Makoura Keita

Personal information
- Nationality: Guinean
- Born: 1 November 1994 (age 31) Fria, Guinea
- Height: 1.75 m (5 ft 9 in)

Sport
- Sport: Track and field
- Event: 100 metres

= Makoura Keita =

Guinean sprinter (born 1994)

Makoura Keita (born 1 November 1994) is a Guinean sprinter.

She first saw recognition as a teenager, when she became champion at the 2009 Zone II African Youth Championships (a regional predecessor of the African Youth Athletics Championships) in Bamako, Mali. The Guinean Federation could only send her to the competition by road, and not all the way: her father stepped in to get a taxi to complete the journey. Running in borrowed shoes she acquired just before the race, she won three medals, one of each colour. Her success saw the Guinean sports minister travel to her hometown for a medal presentation and promise her an audience with president Moussa Dadis Camara, and for Guinean-American entrepreneur Hawa Barry Diallo to gift Keita sports equipment. For a 2012 ECOWAS competition held in Abidjan, Ivory Coast, the Guinean Federation decided to send their athletes by road again, possibly to replicate the journey and thus success of Keita in 2009: the 2012 journey from Conakry to Abidjan was even more fraught.

Keita competed in the women's 100 metres event at the 2016 Summer Olympics, where she finished fourth in her heat with a time of 12.66 seconds. She did not advance to the quarterfinals. A joint Japan-Guinea communiqué issued in 2017 ahead of the 2020 Summer Olympics identified Keita as the nation's most promising athlete.

In 2019, she represented Guinea at the 2019 African Games held in Rabat, Morocco. She competed in the women's 100 metres and she finished in 39th place in the heats.

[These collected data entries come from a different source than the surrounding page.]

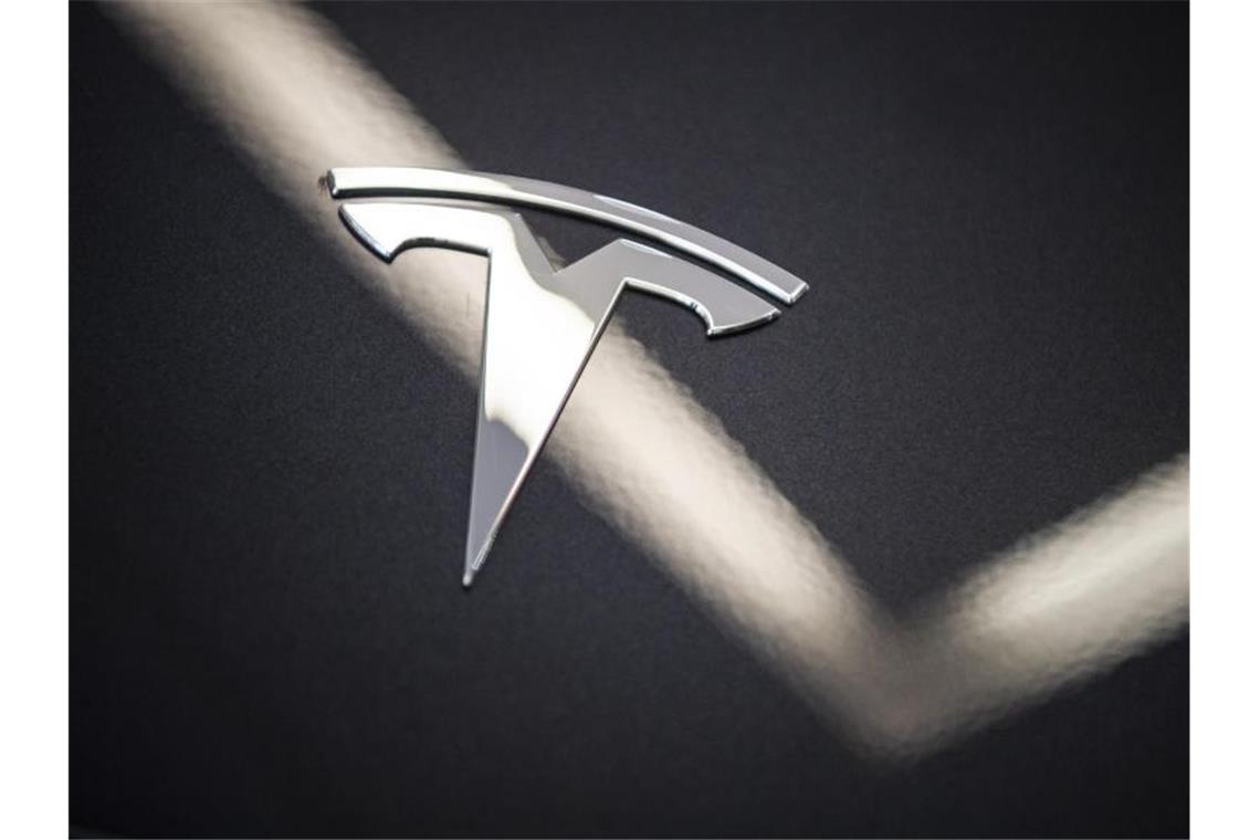 Das Logo des Autoherstellers Tesla. Foto: Christophe Gateau/dpa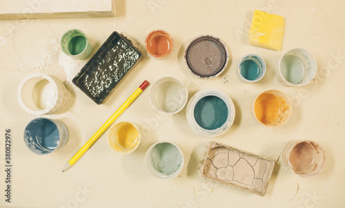 workshop, workplace, working, work, supply, studio, project, crayons, pastel, paint, messy, indoor, hobby, hand-made, enjoy, earth, cup, craft, colours, ceramic, at work, art
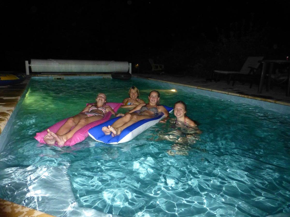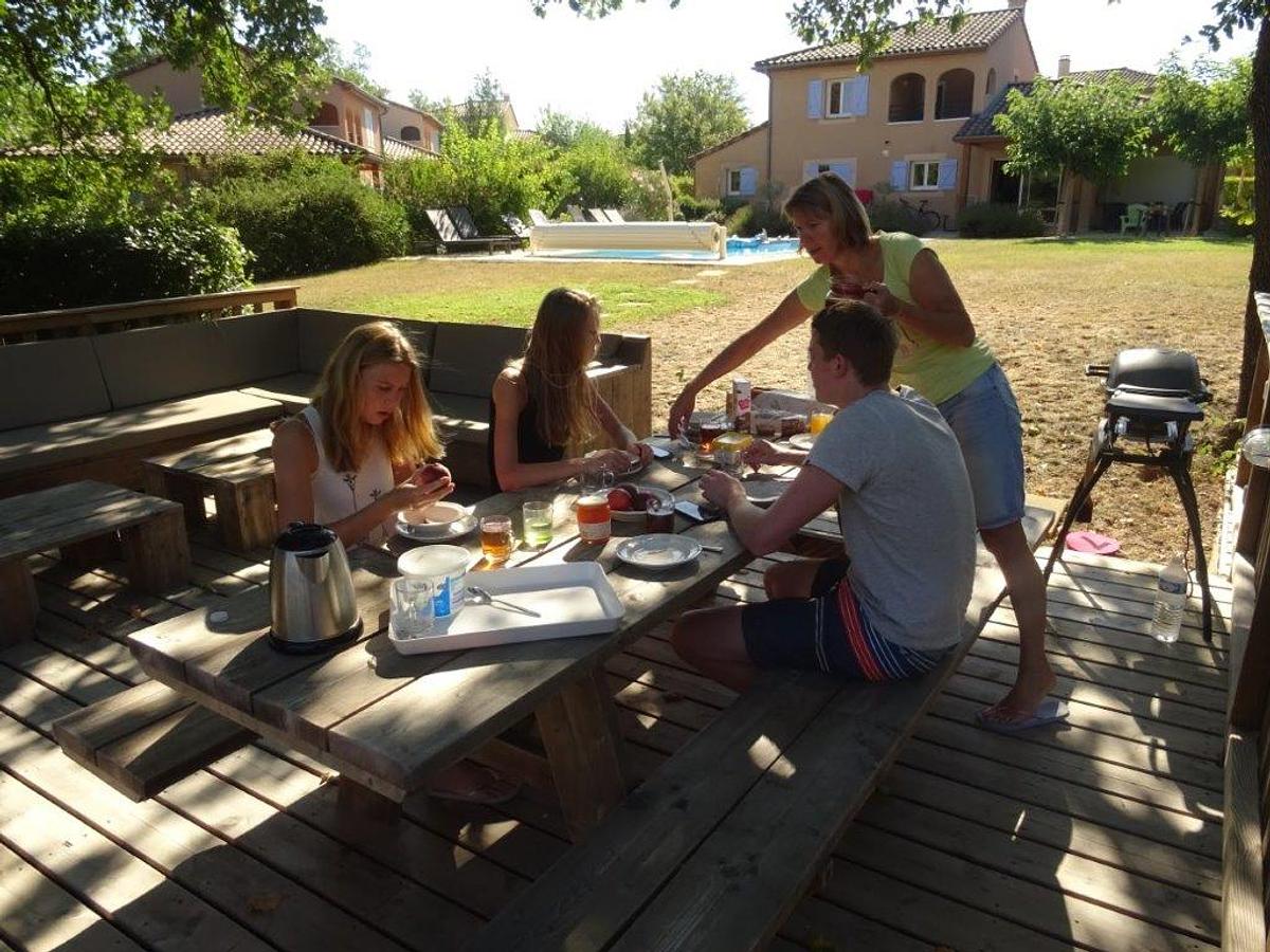 Brood halen is in het hoogseizoen na bestelling de dag ervoor mogelijk bij de RECEPTIE en anders rijdt u even naar de bakker, net buiten het villapark. Er is een elektrische WEBER bbq aanwezig; evenals diverse tuinsets, parasols. Het privé zwembad van 9,5 x 4.10 meter (van 0.80 tot 2.00 meter diep) heeft een zgn. Romaanse inlooptrap, heeft verlichting en wordt afgesloten met een elektrisch rolluik. Het water is in de periode 20 april tot en met 28 september verwarmd. Er is een solar buitendouche.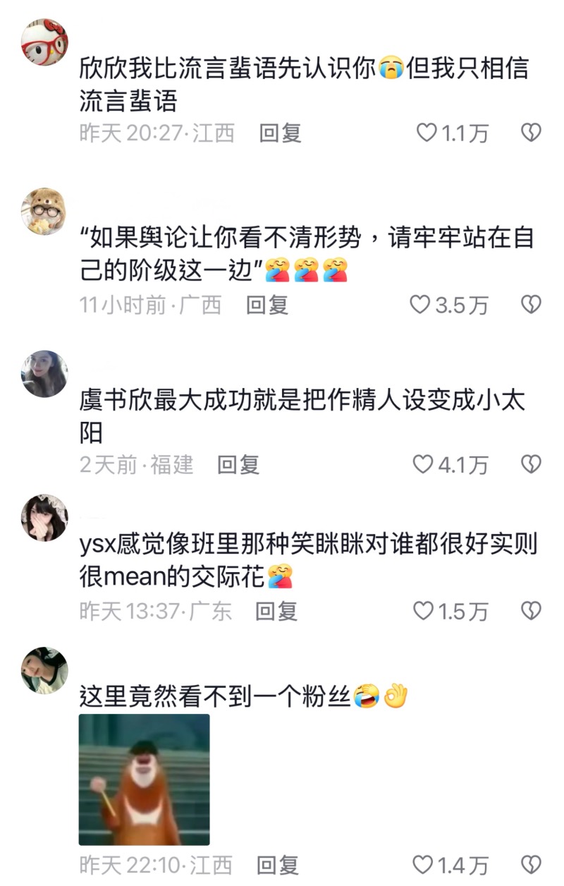 而虞書欣這兩天評論區可以說全面淪陷,點進去熱評都是路人玩梗,比如貼她的內涵圖👇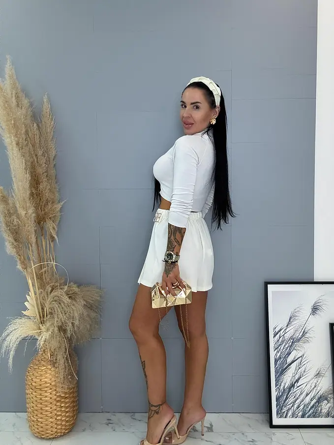 Premium kvalita. Tento skort je dokonalou kombináciou sukne a krátkych nohavíc: vpredu pôsobí ako sukňa, vzadu pohodlné šortky. Material je mierne elastický. S gumeným pásom.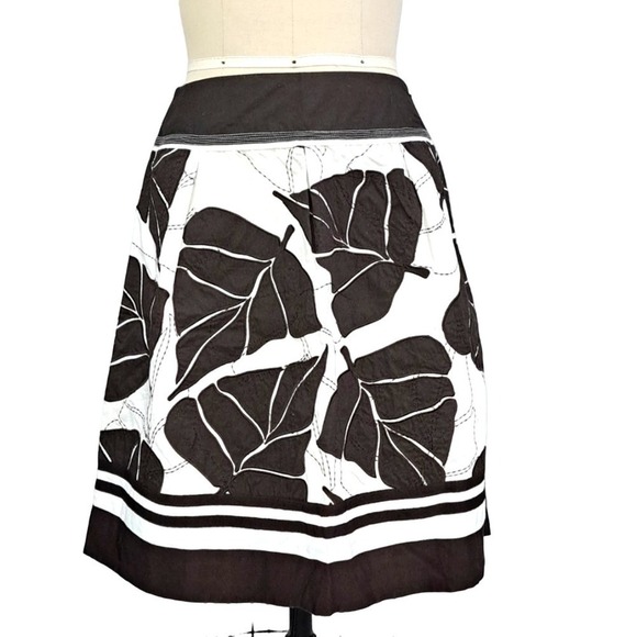 Nygard collection brown white leaf pattern 100% cotton skirt size petite 10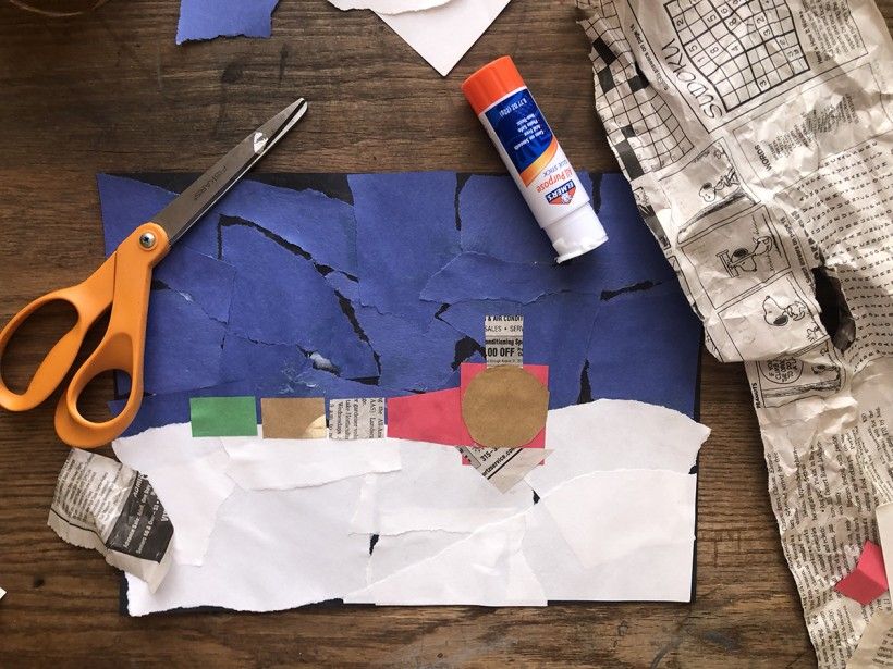 This scene takes place on a snowy night! Start by ripping up white and blue pieces of construction paper into various organic shapes and sizes. Then you’ll want to fit, layer and glue your organic blue and white shapes onto black paper. The top half should be dedicated to blue paper and the bottom half should be white. Be sure to leave some of the black paper showing to allow more color variation and texture. This will make your final scene more interesting!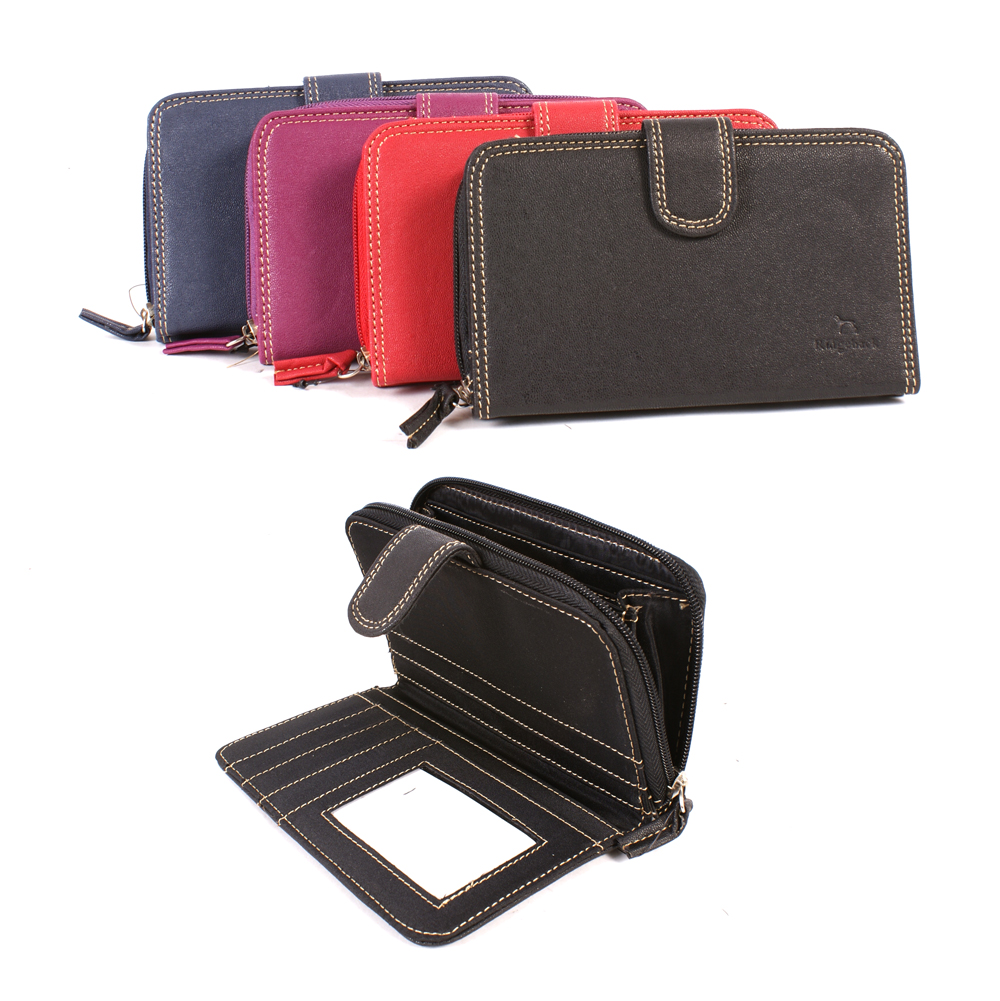 Medium sized PU purse with a zipped coin purse and multiple card slots and an ID holder.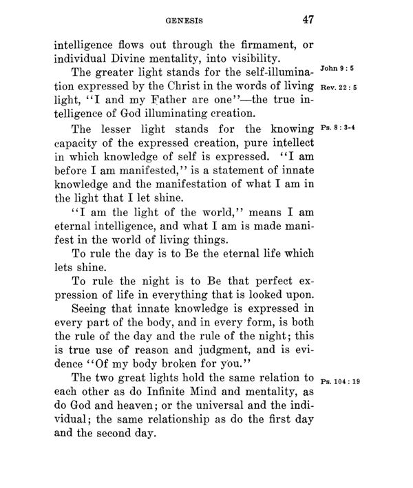 The two great lights hold the same relation to each other as do Infinite Mind and mentality, as do God and heaven; or the universal and the individual; the same relationship as do the first day and the second day.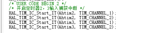 判断定时器如果为TIM2(PA15为TIM2的通道引脚);当捕获到上升沿的时候(定时器响应的通道为通道1)时,分别读取通道1和通道2的捕获值;读取完后,并将定时器计数器清零,防止溢出;
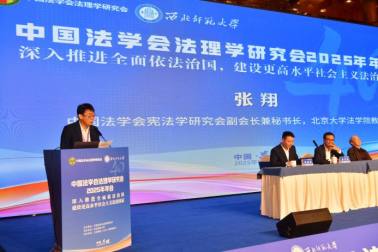 中国法学会宪法学研究会副会长兼秘书长、北京大学法学院教授张翔致辞。张翔副会长对中国法学会法理学研究会成立四十周年表达热烈的祝贺,在中国特色哲学社会科学的学科体系中,法理学和宪法学是有着密切联系的学科。法理学研究会和宪法学研究会是合作紧密、学术友谊深厚的兄弟研究会,在中国法治建设和法学发展的诸多重大意义上有着多层次的深度合作、多次合作与沟通,极大繁荣了中国法学的基础理论研究,共同回应了中国法治建设的实践需求。张翔老师汇报和分享了宪法学研究工作的一些情况和经验,以期与法理学研究会相互学习、相互借鉴。宪法研究会自成立以来坚持正确的政治保障和理论导向,推动宪法学的发展和宪法相关法律制度的健全,助力宪法的全面实施,推动宪法学国际交往。宪法研究会是最早成立党支部的研究会,作为中国法学会加强支部建设的试点单位,宪法研究会严格按照制度办事,形成了工作规范的制度体系。宪法研究会重视宪法学研究队伍的建设,为青年宪法学者的成长创造条件、提供机会,为全面落实宪法在治国理政中的重要作用提供学术支撑,为全面推进依法治国、建设社会主义法治国家做出更大贡献。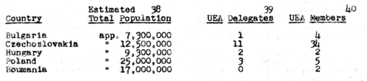 Although no state within the Soviet Union is even listed as having any delegates to the Universala Esperanto-Asocio in the Jarlibro for 1954 (figures are given with a closing date of December 31, 1953),[37] statistics on delegates and members or the UEA in Communist-dominated areas„ are as follows:[38]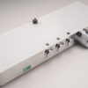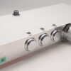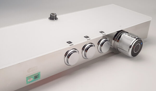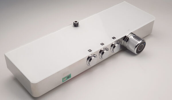 Tay mở nguồn được thiết kế hiện đại, xoay phải hoặc trái để điều chỉnh việc pha trộn nước nóng hoặc lạnh. Mặt kính cường lực màu trắng bên trên giúp sản phẩm sang trọng hơn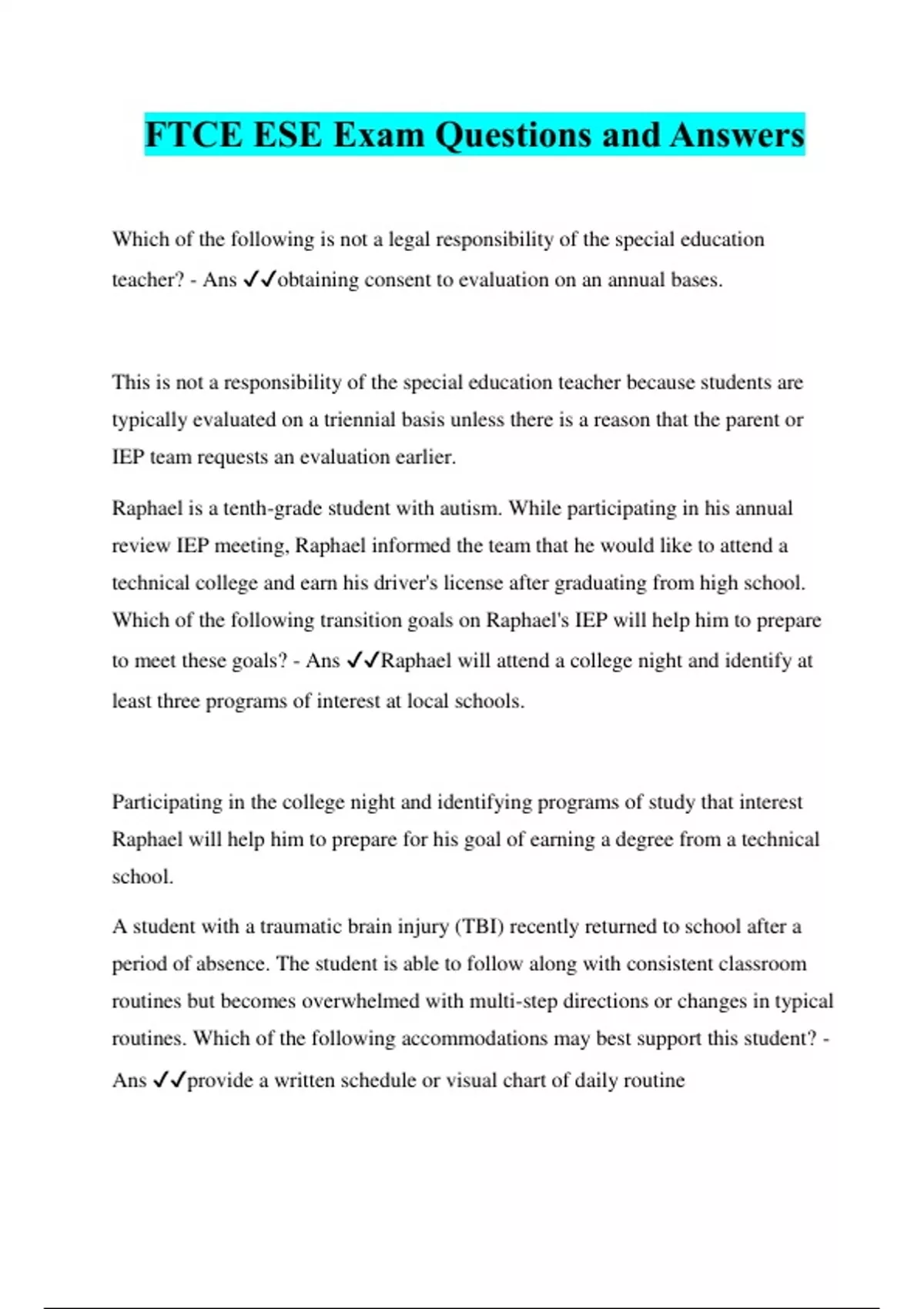 FTCE ESE Exam Questions and Answers Which of the following is not a legal responsibility of the special education teacher? - Ans ️️ obtaining consent to evaluation on an annual bases. This is not a responsibility of the special education teacher because students are typically evaluated on a triennial basis unless there is a reason that the parent or IEP team requests an evaluation earlier. Raphael is a tenth-grade student with autism. While participating in his annual review IEP meeting, Raphael informed the team that he would like to attend a technical college and earn his driver's license after graduating from high school. Which of the following transition goals on Raphael's IEP will help him to prepare to meet these goals? - Ans ️️ Raphael will attend a college night and identify at least three programs of interest at local schools. Participating in the college night and identifying programs of study that interest Raphael will help him to prepare for his goal of earning a degree from a technical school. A student with a traumatic brain injury (TBI) recently returned to school after a period of absence. The student is able to follow along with consistent classroom routines but becomes overwhelmed with multi-step directions or changes in typical routines. Which of the following accommodations may best support this student? - Ans ️️ provide a written schedule or visual chart of daily routine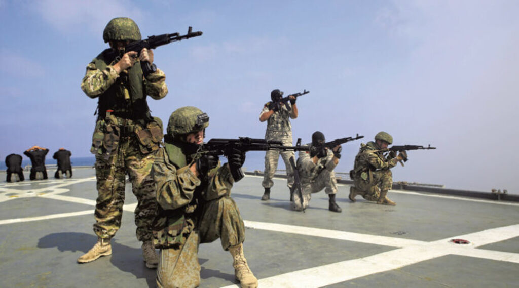 | Des soldats russes et iraniens participent à un exercice naval conjoint de la Marine russe. |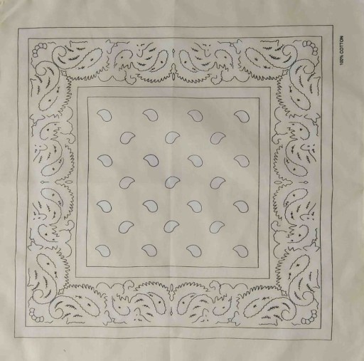Wymiary bandany to 54 cm x 54 cm.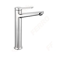The Ferro Stratos BSC2L is a tall, single-lever mixer designed for above-counter (counter-mounted) wash-basins. It features a ceramic cartridge for long-term reliability, a standard M24×1 aerator/flow regulator, flexible supply hoses with G3/8 – M10×1 connections, and a polished chrome finish. Ideal for modern bathroom installations with elevated mountings or countertop basins.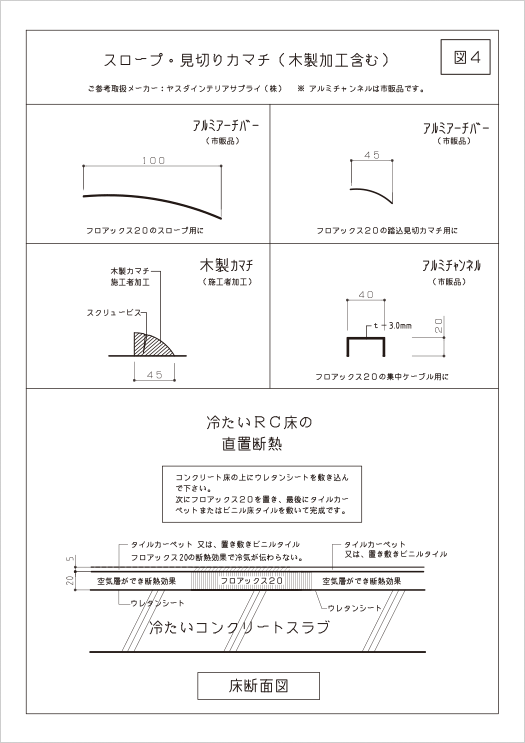 - 柱型、壁際、見切り部分はその形状に合わせて本製品をカット。- カットは電動丸ノコまたはカッターナイフで簡単にできます。フロアックス20はどの位置でカットしても強度は変わりません。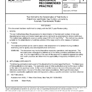 The test method describes the procedure for determination of the total acid number of new and degraded polyol ester and diester based gas turbine lubricants by potentiometric titration technique. The method was validated to cover an acidity range 0.05 to 6.0 mg KOH g-1. The method may also be suitable for the determination of acidities outside of this range and for other classes of lubricant.

Guinean website iMedias has called her "the Guinean queen of 100m"; though she was reigning Guinean champion in the event in 2020, she missed out on the 2020 Olympics (in 2021).

Keita was unanimously elected president of the Guinean athletes' commission, part of the Guinean National Olympic and Sports Committee (CNOSG), in July 2022, by athletes from the 28 sport federations affiliated with the CNOSG. Serving a four-year term, the role is to defend the interests of Guinean athletes within the Olympic movement.